23. The DRC judge concluded his deliberations in the present matter stipulating that any further claim lodged by the Claimant is rejected. In conclusion, the Claimant’s claim is partially accepted.
III. DECISION OF THE DRC JUDGE
1. The claim of the Claimant, Joseph Larweh Attamah, is partially accepted.
2. The Respondent, Fatih Karagumruk AS, has to pay to the Claimant, the following amount:
- EUR 90,000 as outstanding remuneration plus 5% interest p.a. calculated as follows:
- Over the amount of EUR 13,000, as of 29 October 2020 until the date of effective payment;
- Over the amount of EUR 4,000, as of 1 March 2020 until the date of effective payment;
- Over the amount of EUR 16,000, as of 1 April 2020 until the date of effective payment;
- Over the amount of EUR 16,000, as of 1 May 2020 until the date of effective payment;
- Over the amount of EUR 16,000, as of 1 June 2020 until the date of effective payment;
- Over the amount of EUR 25,000, as of 25 September 2020 until the date of effective payment.

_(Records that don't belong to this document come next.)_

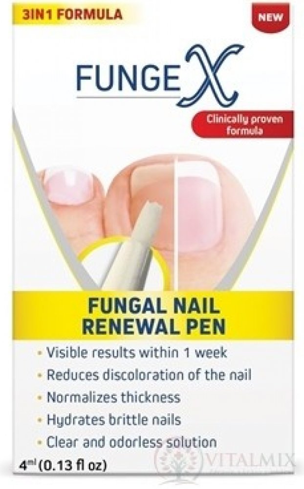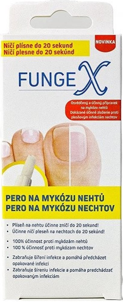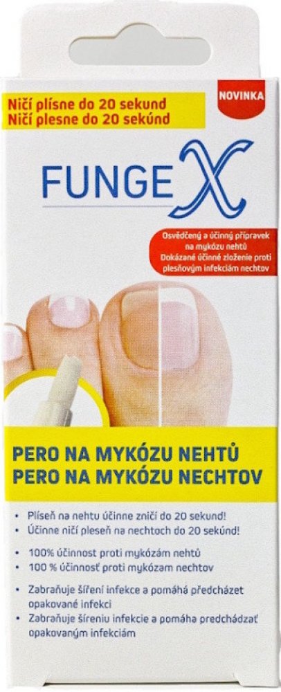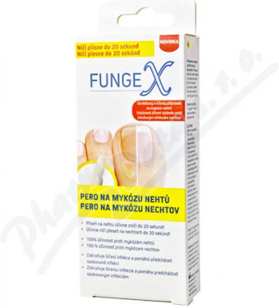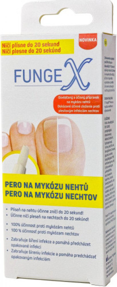 Způsob použití: FungeX® Přípravek na mykózu nehtů díky unikátní kombinaci složek vytváří vrstvu, která v nehtové plotýnce vytváří nepříznivé prostředí pro růst plísní. Také vytváří fyzickou bariéru, která zabraňuje šíření plísní. FungeX® Přípravek na mykózu nehtů snižuje kyselost nehtu, čímž vzniká nepříznivé prostředí, které zastavuje růst a šíření plísní.
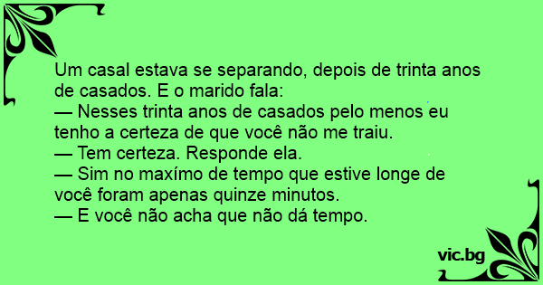 Um casal estava se separando, depois de trinta anos de casados. E o marido fala:
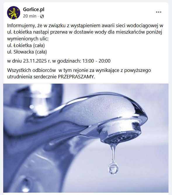 Jak poinformowało miejskie przedsiębiorstwo wodociągowe, w niedzielę 23 listopada 2025 roku doszło do awarii sieci wodociągowej na ul. Łokietka. Uszkodzenie jest na tyle poważne, że konieczne było wstrzymanie dostaw wody do części odbiorców.
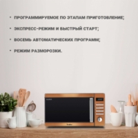 Модель имеет 8 автоматических режимов, а также дополнительные функции, от размораживания и разогрева до отложенного старта. С помощью экспресс-режима удобно разогревать воду или напитки, минуя этап установки мощности – просто установите время приготовления в зависимости от объема напитка.
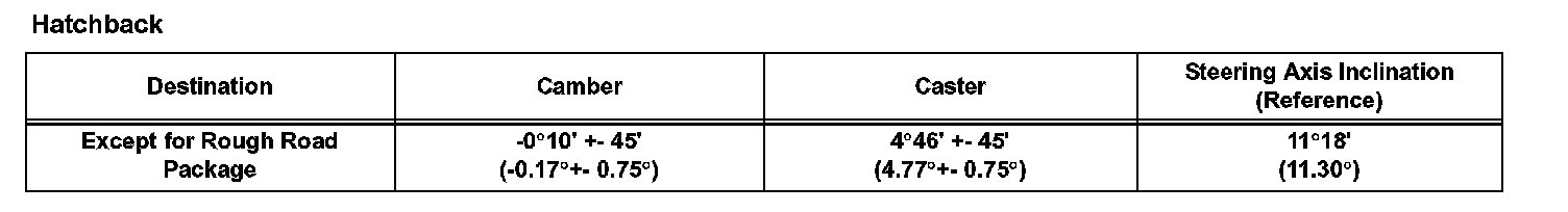 Camber, caster and steering axis inclination: Hatchback (Part 1):

3. The Claimant is directed to immediately and directly inform the Respondent of the relevant bank account to which the Respondent must pay the due amount
4. The Respondent shall provide evidence of payment of the due amount in accordance with this decision to psdfifa@fifa.org, duly translated, if applicable, into one of the official FIFA languages (English, French, German, Spanish).
5. In the event that the amount due, plus interest as established above is not paid by the Respondent within 45 days, as from the notification by the Claimant of the relevant bank details to the Respondent, the following consequences shall arise:
1.
The Respondent shall be banned from registering any new players, either nationally or internationally, up until the due amount is paid and for the maximum duration of three entire and consecutive registration periods. The aforementioned ban mentioned will be lifted immediately and prior to its complete serving, once the due amount is paid.
(cf. art. 24bis of the Regulations on the Status and Transfer of Players). 2.
In the event that the payable amount as per in this decision is still not paid by the end of the ban of three entire and consecutive registration periods, the present matter shall be submitted, upon request, to the FIFA Disciplinary Committee.
6. The decision is rendered free of costs.
For the DRC judge:
Emilio García Silvero
Chief Legal & Compliance Officer
NOTE RELATED TO THE APPEAL PROCEDURE:
According to article 58 par. 1 of the FIFA Statutes, this decision may be appealed against before the Court of Arbitration for Sport (CAS) within 21 days of receipt of the notification of this decision.
NOTE RELATED TO THE PUBLICATION:
FIFA may publish this decision. For reasons of confidentiality, FIFA may decide, at the request of a party within five days of the notification of the motivated decision, to publish an anonymised or a redacted version (cf. article 20 of the Procedural Rules).